README.md

<!--
    SPDX-FileCopyrightText: Copyright 2024 Arm Limited and/or its affiliates <open-source-office@arm.com>

    SPDX-License-Identifier: Apache-2.0
-->

<h1><b>KleidiAI</b></h1>

KleidiAI is an open-source library that provides optimized performance-critical routines, also known as <strong>micro-kernels</strong>, for artificial intelligence (AI) workloads tailored for Arm® CPUs.

These routines are tuned to exploit the capabilities of specific Arm® hardware architectures, aiming to maximize performance.

The KleidiAI library has been designed for ease of adoption into C or C++ machine learning (ML) and AI frameworks. Specifically, developers looking to incorporate specific micro-kernels into their projects can only include the corresponding <strong>.c</strong> and <strong>.h</strong> files associated with those micro-kernels and a common header file.

> ⚠️ Since the project is currently in an experimental phase and actively evolving, it is essential to note that API modifications, including function name changes, and feature enhancements may occur without advance notice.
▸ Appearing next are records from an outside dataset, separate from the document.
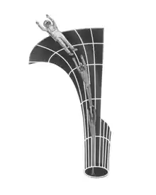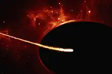 Stephen Hawking described the flight of a fictional astronaut who, passing within a black hole's event horizon, is "stretched like spaghetti" by the gravitational gradient (difference in gravitational force) from head to toe.[2] The reason this happens would be that the gravitational force exerted by the singularity would be much stronger at one end of the body than the other. If one were to fall into a black hole feet first, the gravity at their feet would be much stronger than at their head, causing the person to be vertically stretched. Along with that, the right side of the body will be pulled to the left, and the left side of the body will be pulled to the right, horizontally compressing the person.[3] However, the term spaghettification was established well before this.[4] Spaghettification of a star was imaged for the first time in 2018 by researchers observing a pair of colliding galaxies approximately 150 million light-years from Earth.[5]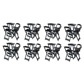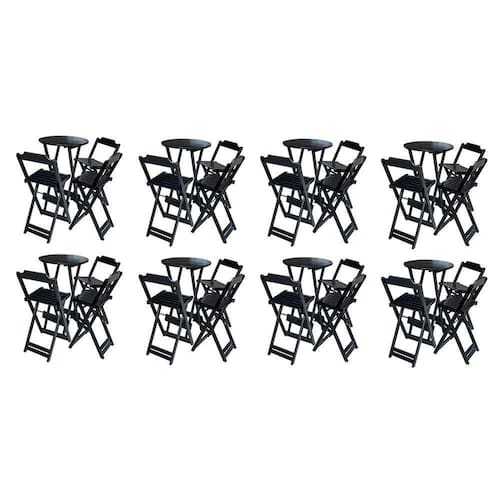 Kit 8 Jogos De Mesa Bistrô De Madeira Dobrável Com 3 Banquetas - Preto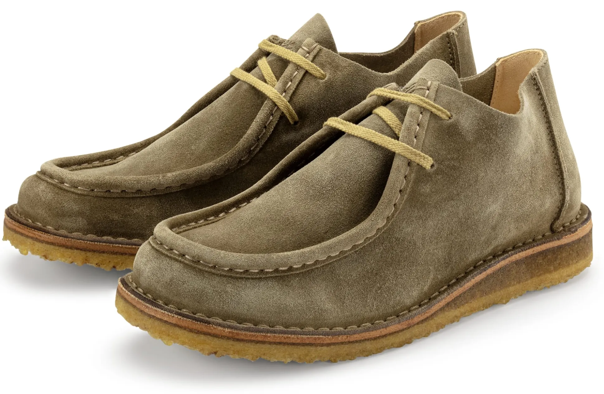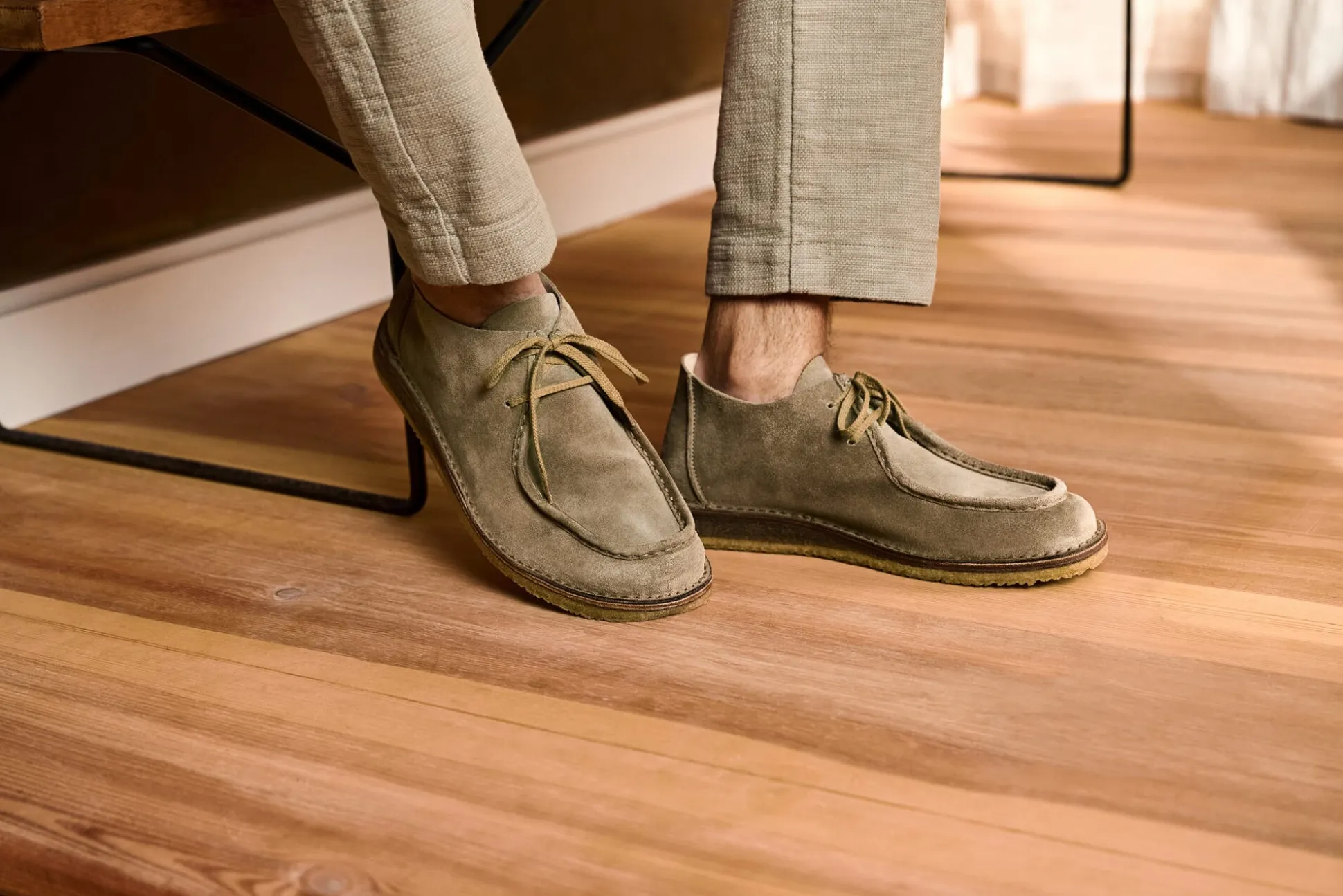 Schnitt und Material machen diesen Schuh weich und bequem. Als Obermaterial kommt vegetabil gegerbtes Veloursleder aus Meistergerbereien in der Toskana zum Einsatz. Futter und Decksohle sind aus schmiegsamem, vegetabil gegerbtem Rindleder gearbeitet. Die Kreppsohle ist aus reinem Naturkautschuk, was für eine gute Trittdämpfung sorgt. Ein markantes Detail ist der Blatteinsatz auf dem Fußrücken, der mit einer umlaufenden Mokassinnaht gefasst ist. Dank der sogenannten „Idealnaht“ entlang des Sohlenrandes, einem Qualitätsmerkmal von Astorflex, ist der Schuh äußerst flexibel und langlebig. Die Einlegesohle ist herausnehmbar, sie kann bei Bedarf durch eigene Einlagen ersetzt werden.

The development team is committed to refining the library to meet production standards.

<h1> Who is this library for? </h1>

KleidiAI is a library for AI/ML framework developers interested in accelerating the computation on Arm® CPUs.

<h1> What is a micro-kernel? </h1>

A micro-kernel, or <strong>ukernel</strong>, can be defined as a near-minimum amount of software to accelerate a given ML operator with high performance.
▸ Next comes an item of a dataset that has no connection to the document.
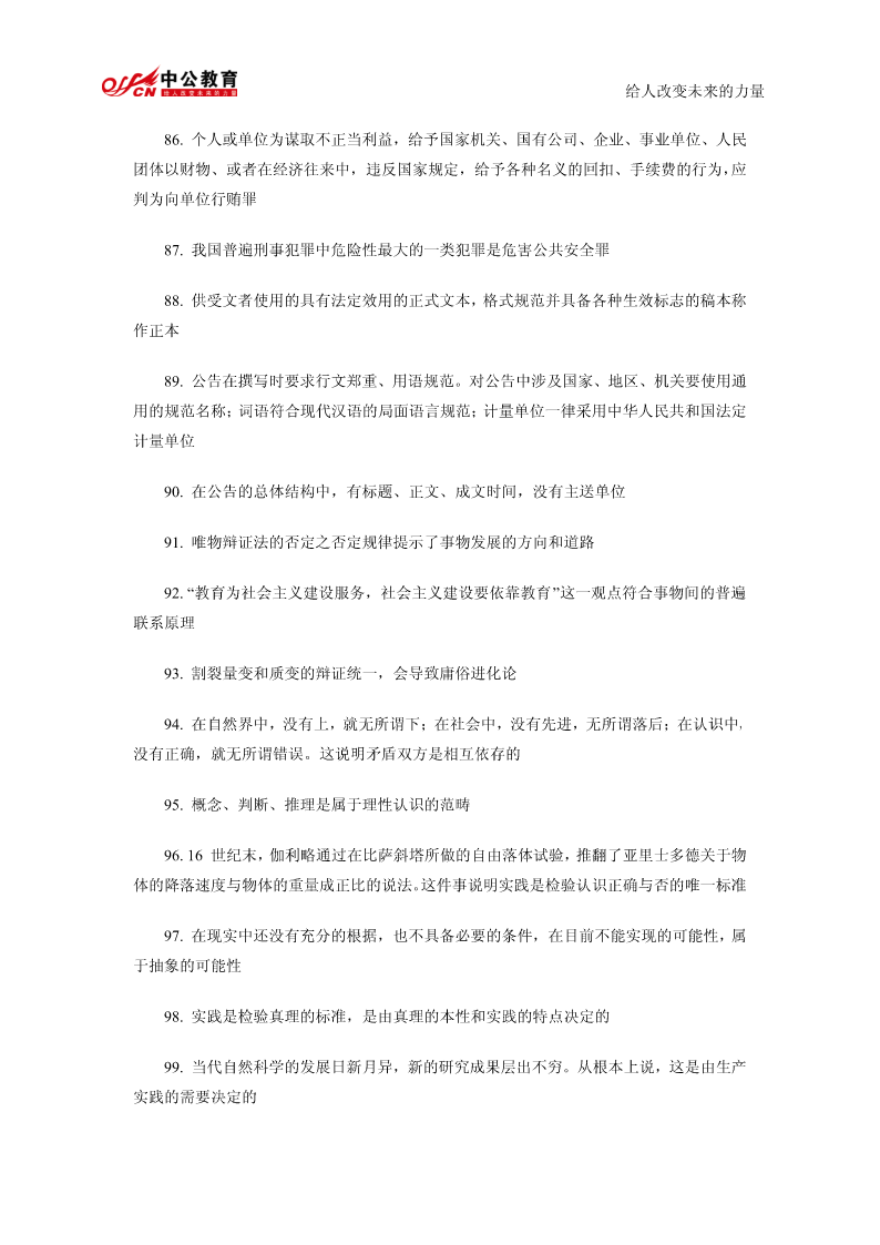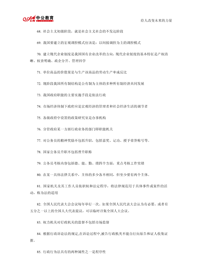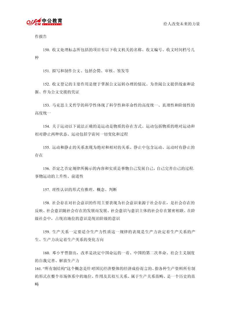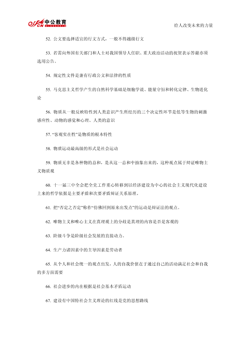 给人改变未来的力量公共基础知识精髓要点总结1.我国政权组织形式是人民代表大会制。2.行政许可是行政机关的批准行为。3.行政行为以受法律规范拘束的程度为标准,可以分为两类羁束行政行为与自由裁量行政行为。4.在诉讼期间的最后六个月内,因不可抗力或者其他障碍不能行使请求权的,诉讼时效中止。5.书写公文中的成文日期应使用汉字。6.规定用于依照有关法律规定发布行政法规和规章。7.以上请示事项当否,请即批复。8.命令不属于规定性文件,属于规定性文件的有规定、条例、办法。9.由机关领导对发文稿批注核准发出的意见并签署姓名及日期的活动,是发文处理中的签发。10.一切唯心主义哲学认为世界的本原是意识的。11.“静”的者,观点动之是认静也为静止是运动的特殊状态12.运动的主体是物质13.质变是事物根本性质的变化14.马克思主义哲学认为否定是辩证的否定。15.“离开革,而不以命实。”革命践的理论理论为指是空南的洞的实践理论是盲目的实践这段话强调的是要坚持理论和实践相结合的原则16.历史唯物主义的任务在于揭示社会发展的一般规律给人改变未来的力量17.社会进步的内在根据是社会基本矛盾运动18.在社会主义建设新时期,中国共产党完成指导思想拨乱反正的标志是党的十一届六中全会通过《关于建国以来党的若干历史问题的决议》19.邓小平对党的思想路线的贡献在于强调解放思想20.党的十四大把社会主义初级阶段理论作为社会主义发展阶段问题进行了新的论述,成为邓小平理论的重要基础。21.我国企业改革的目标是建立现代企业制度22.建立社会主义市场经济体制,就是要使市场在国家宏观调控下对生产力的配置起基础性作用23.当社会总需求大于社会总供给时,一般不宜采取松的货币政策24.劳动力市场是劳动力资源的交易和分配的场所25.根据现代企业制度的基本特征,企业拥有包括国家在内的出资者投资形成资产的全部法人财产权26.社会主义经济在资源的配置方面,最为有效的体制是社会主义市场经济体制27.社会保障体系的核心内容是:社会保险。28.“两手抓,两手都要硬”是社会主义精神文明建设的战略方针29.社会主义要消灭贫穷,这是由社会主义的本质决定的。30.我国政府职能的实施主体是各级人民政府。31.国家公务员享有的权利提出申诉和控告32.公务员若对降职处理不服,申请复议或申诉必须在接到降职决定之日起30日之内33.对公务员的物质奖励不包括奖章,包括奖金、奖品、工资晋级给人改变未来的力量34.按国家公务员领导职务序列,行政领导者可分为10个职务等次名称和相对应的13个级别。35.现代行政领导个体素质要求全面具备德、才、学、识、体。36.一般监督和专门监督构成行政系统的内部监督。37.集体决策已成为科学决策理论中的一项基本原则。38.日常工作中经常需要解决的一般性问题的决策是程序性决策39.立法监督的最基本形式是听取和审议政府工作报告40.情报信息系统是行政决策组织中的“神经系统”。41.现行行政决策体制通常由行政决策中枢系统、行政决策咨询系统、行政决策审批控制系统和行政决策领导系统四部分构成。42.在特殊情况下,国家可以成为法律关系的主体。43.“公民”这一概念是法律概念44.人民检察院对行政案件的审理的主要监督方式是抗诉45.行政诉讼的原告和被告是恒定的46.行政监督的对象是行政相对方47.刑法学是研究刑法及其所规定的犯罪和刑罚的科学。48.经营权是经营者对其经营的财产的一种占有、利用和收益的权利49.下列人员中不属于第一顺序继承人的兄弟姐妹,属于第一顺序继承人的有配偶、父母、子女50.行为人没有约定或法定的义务,为避免他人利益受损失而进行管理或服务所实施的行为是无因管理51.公文中的词语应含义确切给人改变未来的力量52.公文要选择适宜的行文方式,一般不得越级行文53.若需向外国有关部门和人士对我国领导人任职、重大政治活动的祝贺表示答谢亦须选用公告。54.规定性文件是兼有行政公文和法律的性质55.马克思主义哲学产生的自然科学基础是细胞学说、能量守恒和转化定律、生物进化论56.物质从一般反映特性到人类意识产生所经历的三个决定性环节是低等生物的刺激感应性、动物的感觉和心理、人类的意识57.“客观实在性”是物质的根本特性58.物质运动最高级的形式是社会运动59.物质无非是各种物的总和,是从这一总和中抽象出来的,这种观点属于辩证唯物主义物质观60.十一届三中全会把全党工作重心转移到以经济建设为中心的社会主义现代化建设上来的

For example, consider the convolution 2d operator performed through the Winograd algorithm. In this case, the computation requires the following four operations:

- Winograd input transform
- Winograd filter transform
- Matrix multiplication
- Winograd output transform

Each of the preceding operations is a micro-kernel. For an example, please refer to the [first micro kernel PR](https://gitlab.arm.com/kleidi/kleidiai/-/merge_requests/2)
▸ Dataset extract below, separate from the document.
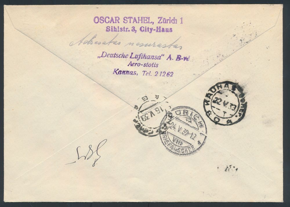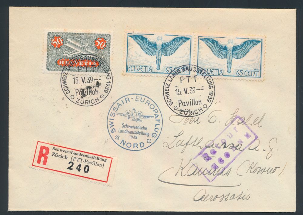 4367 image15.5.1939 SWISSAIR Europa Flight on the occasion of the Swiss National Exhibition of 1939 registered cover sent from Zürich to Kaunas, Lithuania, franked for 1fr80rp and cancelled with special postmark of the exhibition, flight cachet alongside in blue, transit and arrival c.d.s.' on the back, vf(Image 1) (Image 2)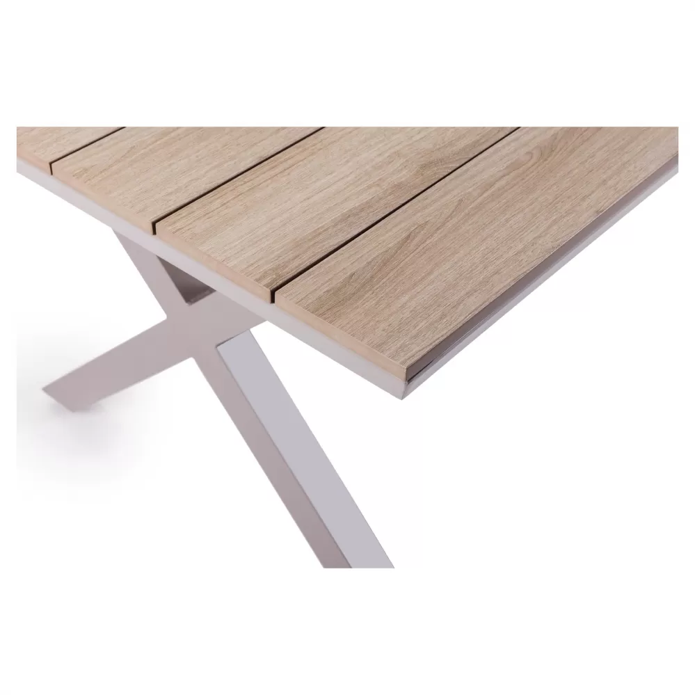 Chcete si užívat letní pohodu na zahradě a zarelaxovat si třeba u šálku dobrého čaje u venkovního stolu? Tak přesně pro vás bude tou správnou volbou designový stůl Fieldmann s perfektní úpravou, která nevyžaduje žádnou údržbu. Je vhodný pro vnitřní i venkovní použití. Deska stolu je vyrobena z polywoodu, imitace dřeva, a je usazena na hliníkovém rámu. Stůl je tak odolný proti povětrnostním vlivům. S rozměry desky 180 × 100 cm a výškou 75 cm je tak vhodný i na terasy a balkóny.

<em>However, why are the preceding operations not called kernels or functions?</em>

<b>Because the micro-kernels are designed to give the flexibility to process also a portion of the output tensor</b>, which is the reason why we call it micro-kernel.

> ℹ️ The API of the micro-kernel is intended to provide the flexibility to dispatch the operation among different working threads or process only a section of the output tensor. Therefore, the caller can control what to process and how.

A micro-kernel exists for different Arm® architectures, technologies, and computational parameters (for example, different output tile sizes). These implementations are called <strong>micro-kernel variants</strong>. All micro-kernel variants of the same micro-kernel type perform the same operation and return the same output result.

<h1> Key features </h1>

Some of the key features of KleidiAI are the following:

- No dependencies on external libraries
- No internal memory allocation
- No internal threading mechanisms
- Stateless, stable, and consistent API
- Performance-critical compute-bound and memory-bound micro-kernels
- Specialized micro-kernels for different Arm® CPU architectures and technologies
- Specialized micro-kernels for different fusion patterns
- Micro-kernel as a standalone library, consisting of only a <strong>.c</strong> and <strong>.h</strong> files

> ℹ️ The micro-kernel API is designed to be as generic as possible for integration into third-party runtimes.

<h1> Frequently Asked Questions (FAQ) </h1>

<h2> What is the difference between the Compute Library for the Arm® Architecture (ACL) and KleidiAI? </h2>

This question will pop up naturally if you are familiar with the **[ACL](https://github.com/ARM-software/ComputeLibrary)**.

<em>ACL and KleidiAI differ with respect to the integration point into the AI/ML framework</em>.

ACL provides a complete suite of ML operators for Arm® CPUs and Arm Mali™ GPUs. It also provides a runtime with memory management, thread management, fusion capabilities, etc.

Therefore, <strong>ACL is a library suitable for frameworks that need to delegate the model inference computation entirely</strong>.

KleidiAI offers performance-critical operators for ML, like matrix multiplication, pooling, depthwise convolution, and so on. As such, <strong>KleidiAI is designed for frameworks where the runtime, memory manager, thread management, and fusion mechanisms are already available</strong>.

<h2> Can the micro-kernels be multi-threaded? </h2>

<strong>Yes, they can</strong>. The micro-kernel can be dispatched among different threads using the thread management available in the target AI/ML framework.

<em>The micro-kernel does not use any internal threading mechanism</em>. However, the micro-kernel's API is designed to allow the computation to be carried out only on specific areas of the output tensor. Therefore, this mechanism is sufficient to split the workload on parallel threads. More information on dispatching the micro-kernels among different threads will be available soon.

<h1> How to contribute </h1>

KleidiAI is not currently accepting contributions during the bring up phase.

<h1> License </h1>

[Apache-2.0](LICENSES/Apache-2.0.txt).